### Prompt
In the data below, the copy begins at the line containing "Bed Frame without" and runs through the last line; repeat those lines exactly, minus the pictures.

### Data
++++++

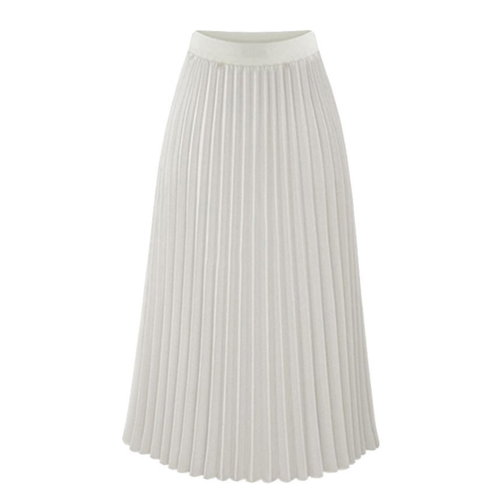 Long Flowy Skirts for Women, Pleated Skirt, Fashion Loose Casual High Waist Solid Long Ankle Pleated Skirt White M
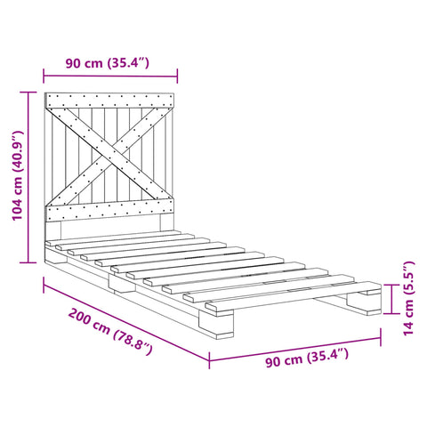 Bed Frame without Mattress Grey 90x200 cm Solid Wood Pine 3281580
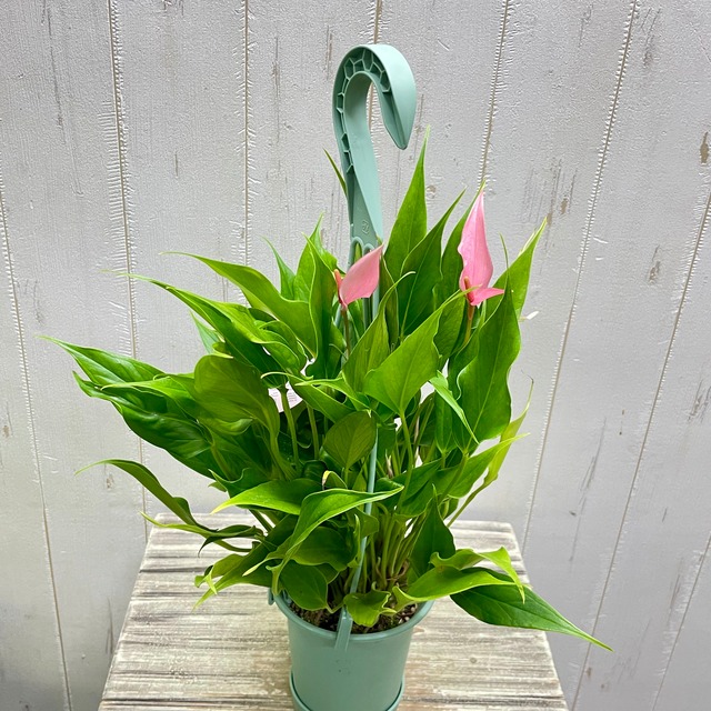 小花タイプ アンスリウム リリー 淡いピンク 吊り鉢 受皿付

++++++

### Task solution
 Bed Frame without Mattress Grey 90x200 cm Solid Wood Pine 3281580
 小花タイプ アンスリウム リリー 淡いピンク 吊り鉢 受皿付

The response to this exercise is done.